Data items
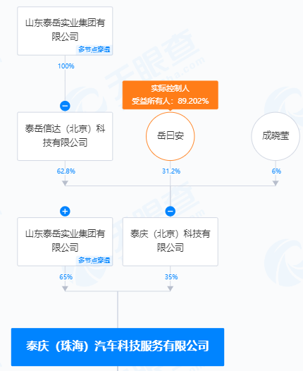 公司官网显示,泰岳集团的业务涵盖汽车产业、环境工程产业、文化产业。其中,汽车产业拥有多家4S店汽车经销商集团,涉及车企品牌包含梅赛德斯—奔驰、福特、北京现代、红旗。
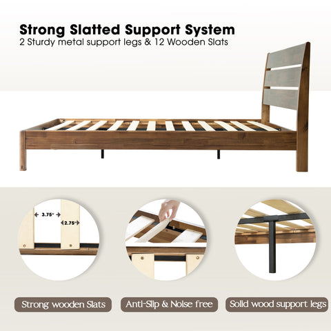• Platform Support: 12 Durable Wooden Slats + Reinforced Metal Center Legs
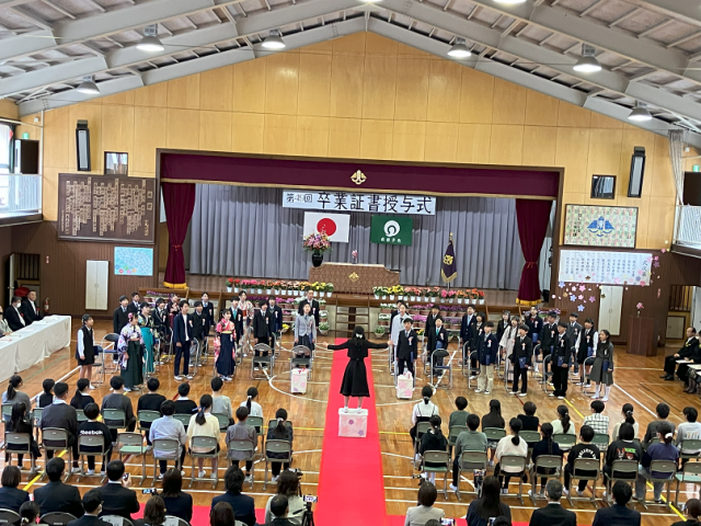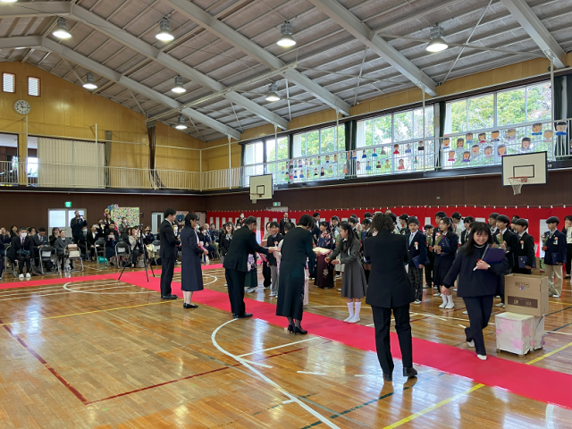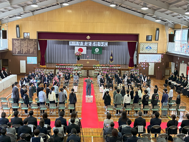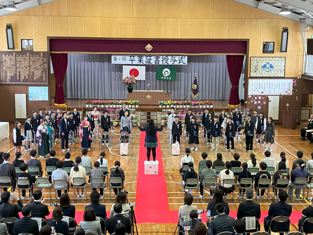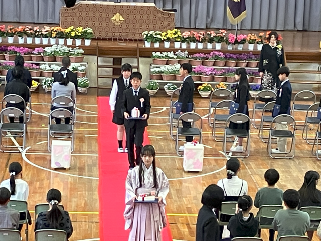 今日は、令和7年度第49回卒業証書授与式がありました。卒業生は、晴れ晴れとしたとても良い顔で、堂々と卒業証書を受け取ったり、呼びかけをしたりしていました。歌もとても感動的でした。6年間の成長や感謝、これからの決意が伝わる素晴らしい卒業式になりました!6年生のみなさん、今までありがとうございました。中学校に行っても、夢や目標に向かって頑張ってください!
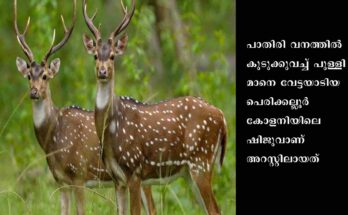 വനത്തിൽ കുടുക്കുവച്ച് പുള്ളിമാനെ വേട്ടയാടിയ സംഭവത്തിൽ ഒരാൾ അറസ്റ്റിൽ Read More
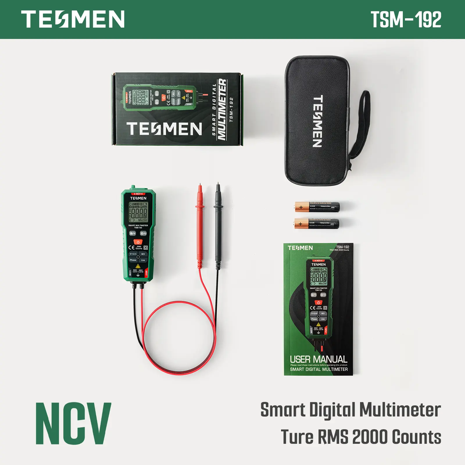 ·【Worry-free After-sales】Package includes a digital multimeter, 2 test leads non-detachable, a storage bag, 2 AAA bαtteries, and a user manual. We provide a 3-year maintenance service and lifetime technical support. If you have any questions or problems while using the product, don't hesitate to contact us!service-tiktokshop@tesmen.com
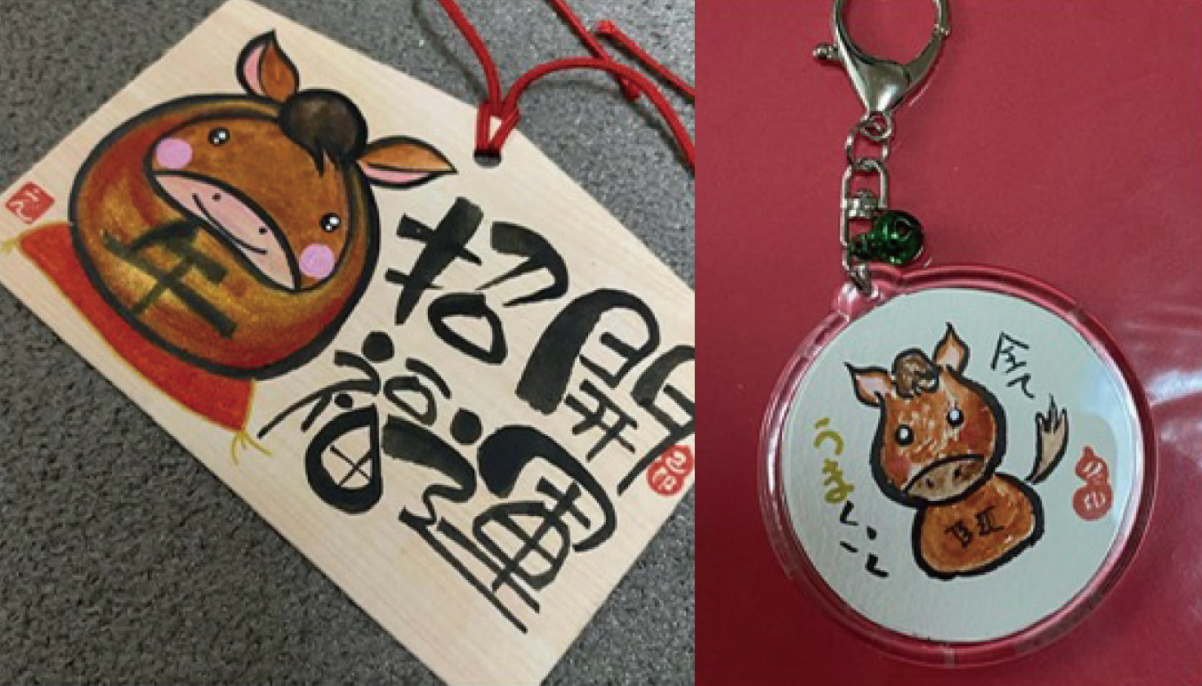 家内安全、商売繁盛、受験合格…など、今年の目標や願い事を絵馬やキーホルダーに書きましょう。 A.絵馬 B.キーホルダー どちらかをお選びください。
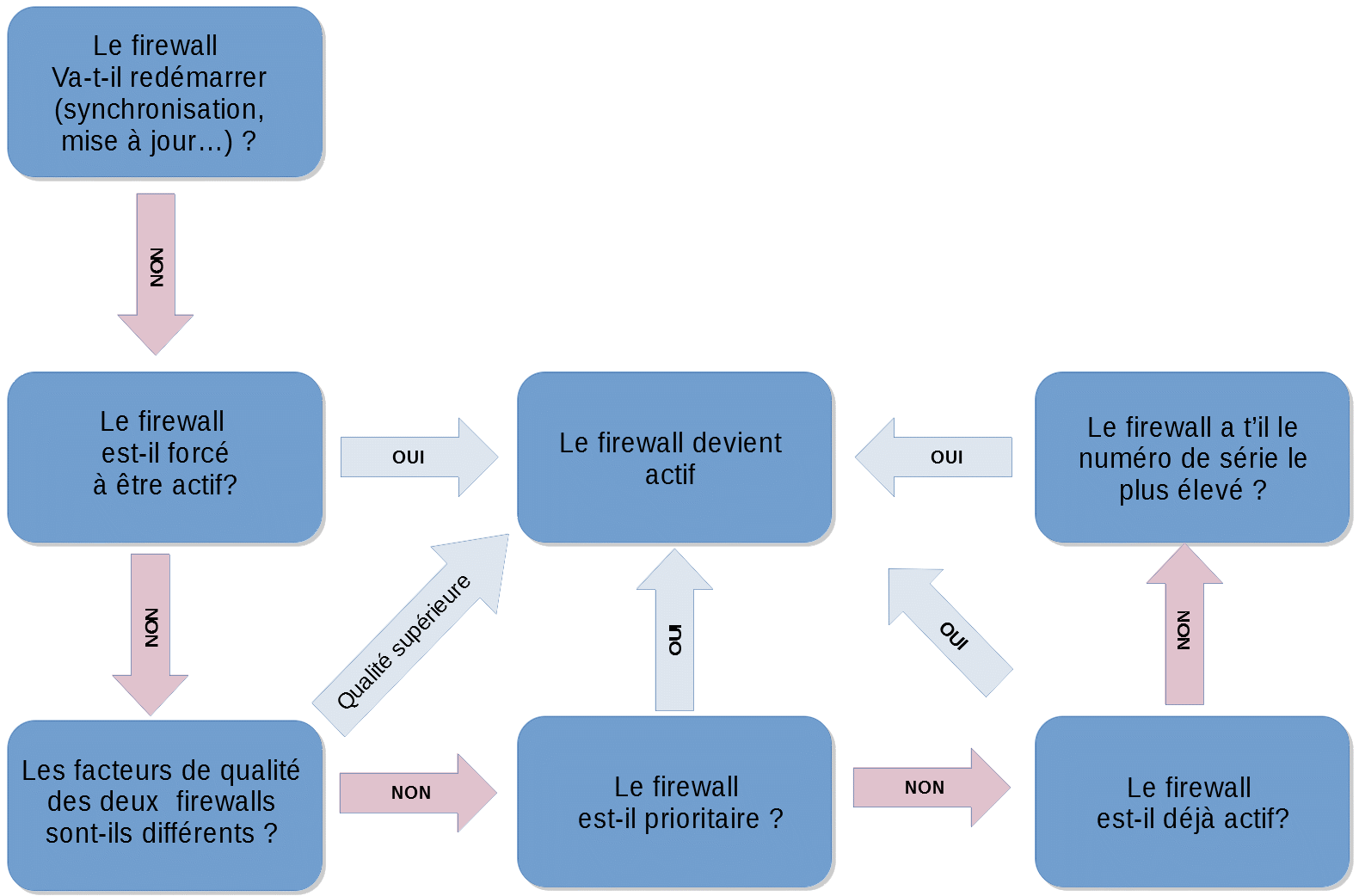 Il est important de noter qu'il est possible de forcer un firewall à être actif (menu Configuration > Système > Maintenance > Configuration > Haute disponibilité). Dans ce cas, ce firewall sera actif même si son facteur de qualité est inférieur. Il est déconseillé d'utiliser cette option pour un cluster en production. Cette option est à réserver pour le débogage d'une configuration.
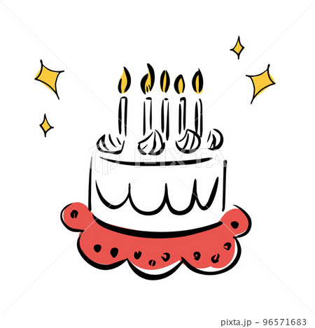 バースデーケーキイラスト_お誕生日のあしらい_赤アンド黄色
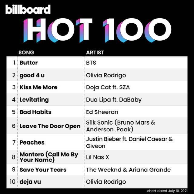 이로써 방탄소년단은 통산 11번째 '핫 100' 정상에 이름을 올렸다. 'Butter' 6회를 비롯해 'Dynamite'(3회), 피처링에 참여한 'Savage Love' 리믹스 버전(1회), 앨범 'BE'의 타이틀곡 'Life Goes On'(1회) 등 4개의 곡으로 일군 눈부신 역사다.
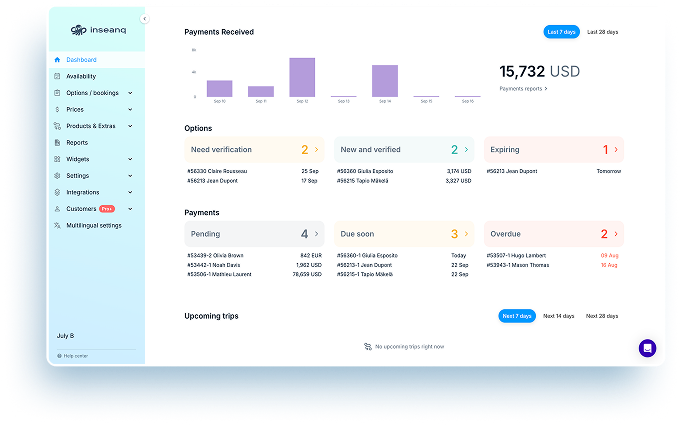 Inseanq empowers your agent network with modern agent portal, instant confirmation, and trip details. It leads to faster booking processing with confidence.
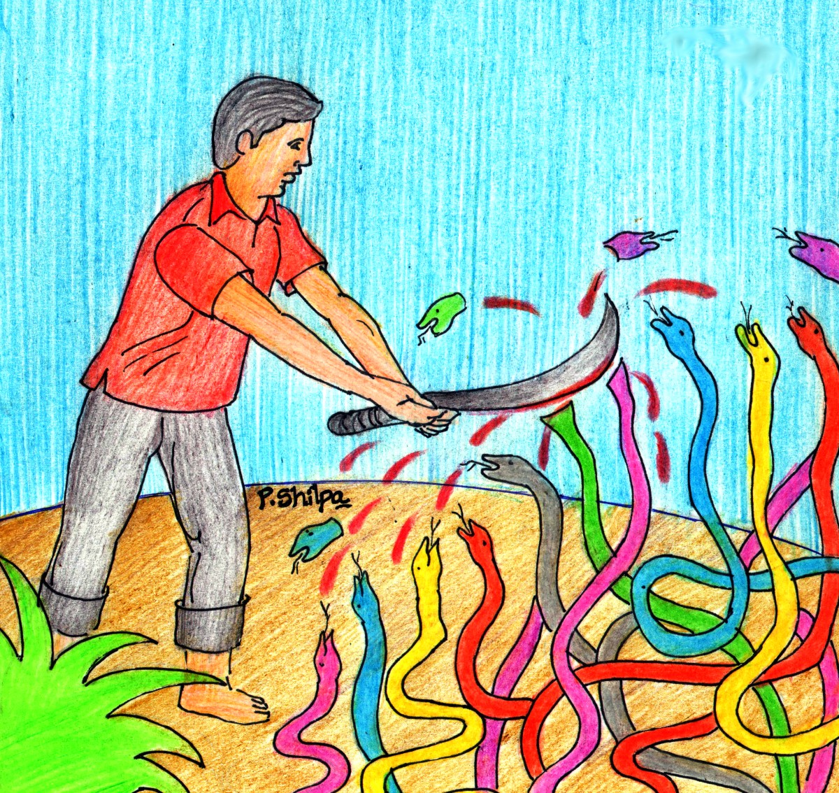 ఆ వెంటనే కొద్ది సేపు అఖిల్కు తల తిరిగింది. తను రకరకాల పాములతో యుద్ధం చేస్తున్నట్లు, బలి ఇచ్చే కత్తితో వాటిని చంపుతున్నట్లు అనిపించింది.
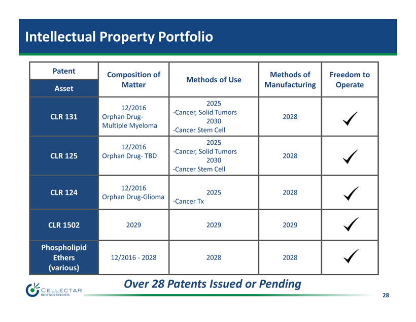 28 Intellectual Property Portfolio Patent Composition of Matter Methods of Use Methods of Manufacturing Freedom to Operate Asset CLR 131 12/2016 Orphan Drug - Multiple Myeloma 2025 - Cancer, Solid Tumors 2030 - Cancer Stem Cell 2028 CLR 125 12/2016 Orphan Drug - TBD 2025 - Cancer, Solid Tumors 2030 - Cancer Stem Cell 2028 CLR 124 12/2016 Orphan Drug - Glioma 2025 - Cancer Tx 2028 CLR 1502 2029 2029 2029 Phospholipid Ethers (various) 12/2016 - 2028 2028 2028 Over 28 Patents Issued or Pending
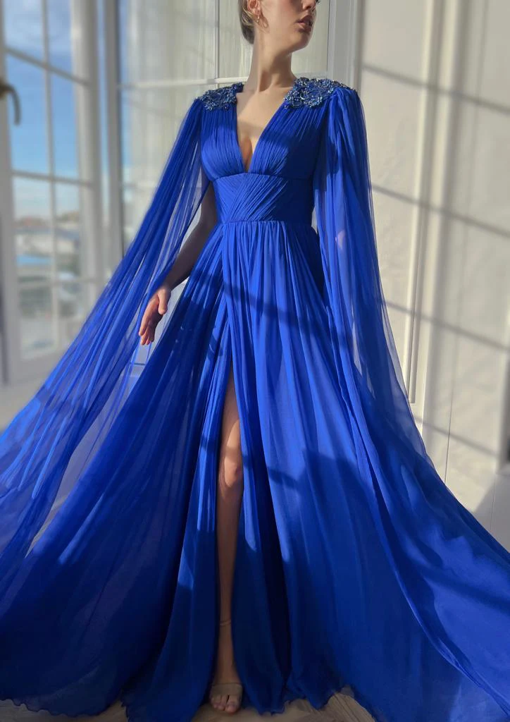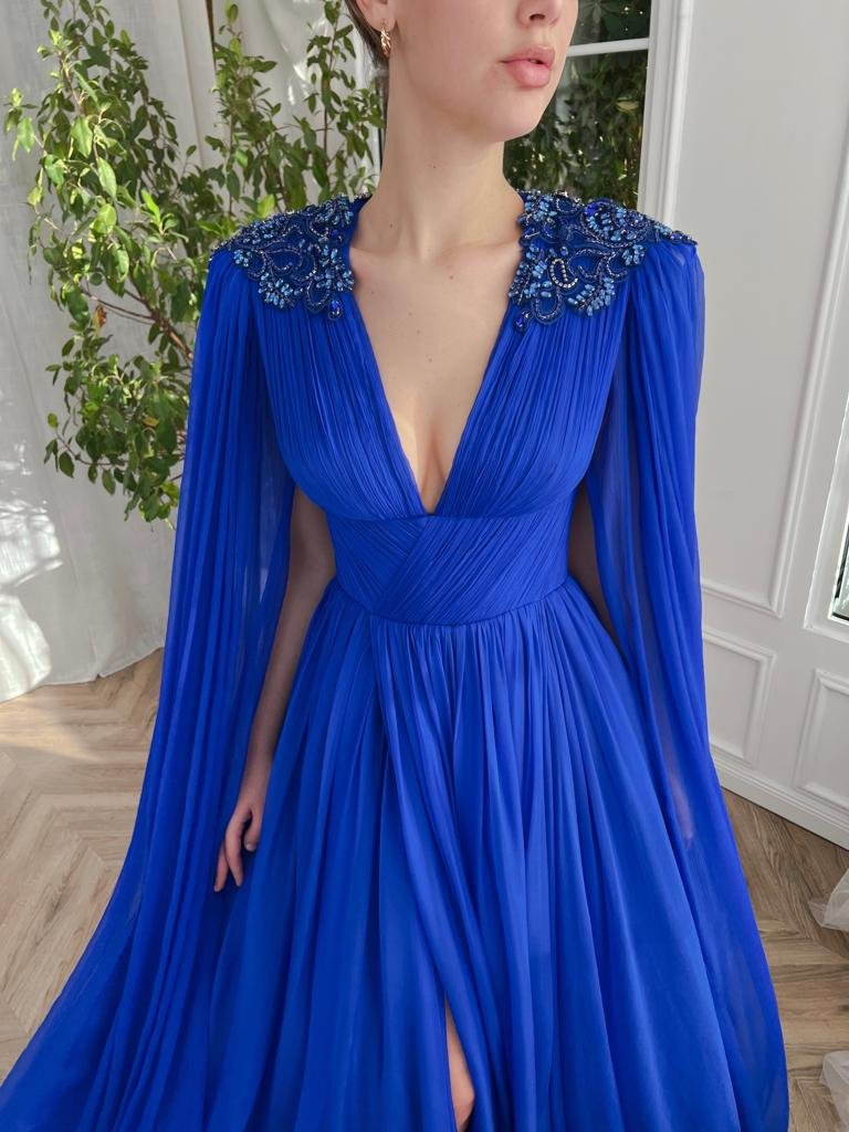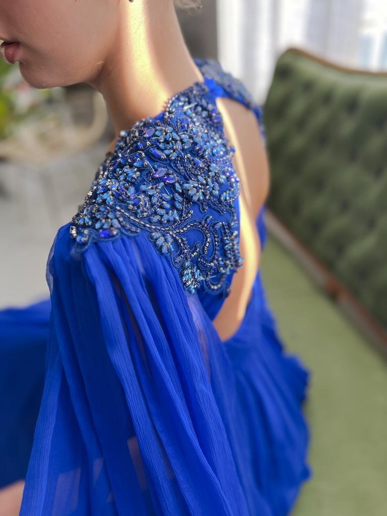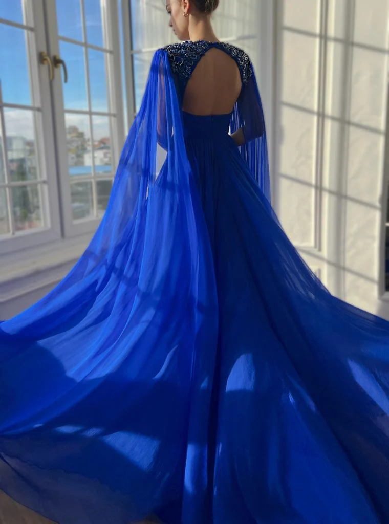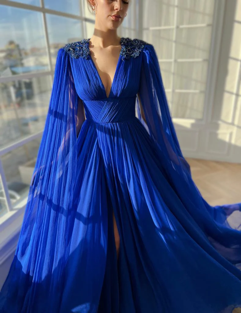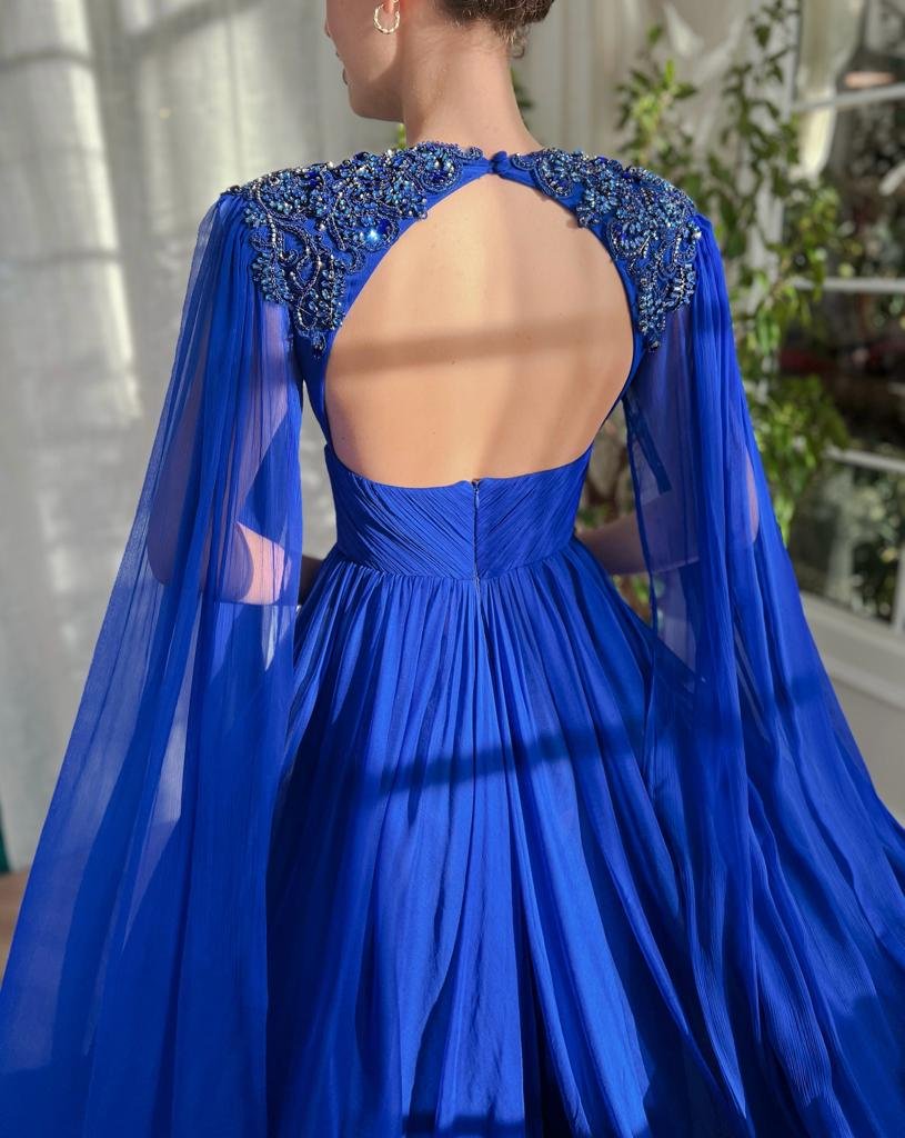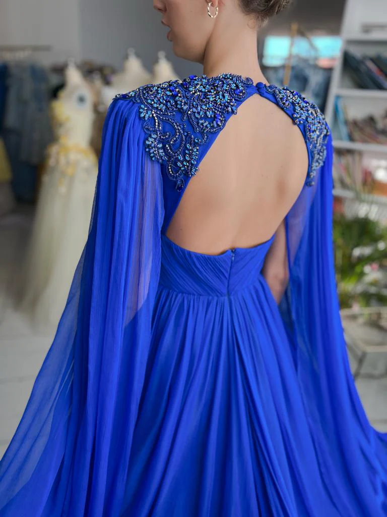 This exquisite gown, crafted from premium blue silk, exudes elegance and sophistication. Its narrow V-shaped neckline gracefully accentuates the décolletage, leading to a beautifully draped bodice that harmonizes with a cinched waist to create a stunning silhouette. The dress flows into an A-line shape, completed with a court train that adds a touch of royal grace. A tasteful leg slit infuses a hint of allure, while the long, sheer sleeves extend into a captivating cape-like design at the back, adding a dramatic flair. The open-back feature enhances the gown's allure, perfectly complementing the intricate crystal embellishments that adorn the shoulders and back. These crystals catch and reflect light in a mesmerizing display, ensuring that every movement is a sparkling statement of style and sophistication. This gown is not just a dress, but a masterpiece of design, perfect for making a lasting impression at any elegant event.

**PROBLEM DESCRIPTION**
Without the pictures, give all the records above again exactly.

**ANSWER BOX**
 公司官网显示,泰岳集团的业务涵盖汽车产业、环境工程产业、文化产业。其中,汽车产业拥有多家4S店汽车经销商集团,涉及车企品牌包含梅赛德斯—奔驰、福特、北京现代、红旗。
• Platform Support: 12 Durable Wooden Slats + Reinforced Metal Center Legs
 今日は、令和7年度第49回卒業証書授与式がありました。卒業生は、晴れ晴れとしたとても良い顔で、堂々と卒業証書を受け取ったり、呼びかけをしたりしていました。歌もとても感動的でした。6年間の成長や感謝、これからの決意が伝わる素晴らしい卒業式になりました!6年生のみなさん、今までありがとうございました。中学校に行っても、夢や目標に向かって頑張ってください!
 വനത്തിൽ കുടുക്കുവച്ച് പുള്ളിമാനെ വേട്ടയാടിയ സംഭവത്തിൽ ഒരാൾ അറസ്റ്റിൽ Read More
 ·【Worry-free After-sales】Package includes a digital multimeter, 2 test leads non-detachable, a storage bag, 2 AAA bαtteries, and a user manual. We provide a 3-year maintenance service and lifetime technical support. If you have any questions or problems while using the product, don't hesitate to contact us!service-tiktokshop@tesmen.com
 家内安全、商売繁盛、受験合格…など、今年の目標や願い事を絵馬やキーホルダーに書きましょう。 A.絵馬 B.キーホルダー どちらかをお選びください。
 Il est important de noter qu'il est possible de forcer un firewall à être actif (menu Configuration > Système > Maintenance > Configuration > Haute disponibilité). Dans ce cas, ce firewall sera actif même si son facteur de qualité est inférieur. Il est déconseillé d'utiliser cette option pour un cluster en production. Cette option est à réserver pour le débogage d'une configuration.
 バースデーケーキイラスト_お誕生日のあしらい_赤アンド黄色
 이로써 방탄소년단은 통산 11번째 '핫 100' 정상에 이름을 올렸다. 'Butter' 6회를 비롯해 'Dynamite'(3회), 피처링에 참여한 'Savage Love' 리믹스 버전(1회), 앨범 'BE'의 타이틀곡 'Life Goes On'(1회) 등 4개의 곡으로 일군 눈부신 역사다.
 Inseanq empowers your agent network with modern agent portal, instant confirmation, and trip details. It leads to faster booking processing with confidence.
 ఆ వెంటనే కొద్ది సేపు అఖిల్కు తల తిరిగింది. తను రకరకాల పాములతో యుద్ధం చేస్తున్నట్లు, బలి ఇచ్చే కత్తితో వాటిని చంపుతున్నట్లు అనిపించింది.
 28 Intellectual Property Portfolio Patent Composition of Matter Methods of Use Methods of Manufacturing Freedom to Operate Asset CLR 131 12/2016 Orphan Drug - Multiple Myeloma 2025 - Cancer, Solid Tumors 2030 - Cancer Stem Cell 2028 CLR 125 12/2016 Orphan Drug - TBD 2025 - Cancer, Solid Tumors 2030 - Cancer Stem Cell 2028 CLR 124 12/2016 Orphan Drug - Glioma 2025 - Cancer Tx 2028 CLR 1502 2029 2029 2029 Phospholipid Ethers (various) 12/2016 - 2028 2028 2028 Over 28 Patents Issued or Pending
 This exquisite gown, crafted from premium blue silk, exudes elegance and sophistication. Its narrow V-shaped neckline gracefully accentuates the décolletage, leading to a beautifully draped bodice that harmonizes with a cinched waist to create a stunning silhouette. The dress flows into an A-line shape, completed with a court train that adds a touch of royal grace. A tasteful leg slit infuses a hint of allure, while the long, sheer sleeves extend into a captivating cape-like design at the back, adding a dramatic flair. The open-back feature enhances the gown's allure, perfectly complementing the intricate crystal embellishments that adorn the shoulders and back. These crystals catch and reflect light in a mesmerizing display, ensuring that every movement is a sparkling statement of style and sophistication. This gown is not just a dress, but a masterpiece of design, perfect for making a lasting impression at any elegant event.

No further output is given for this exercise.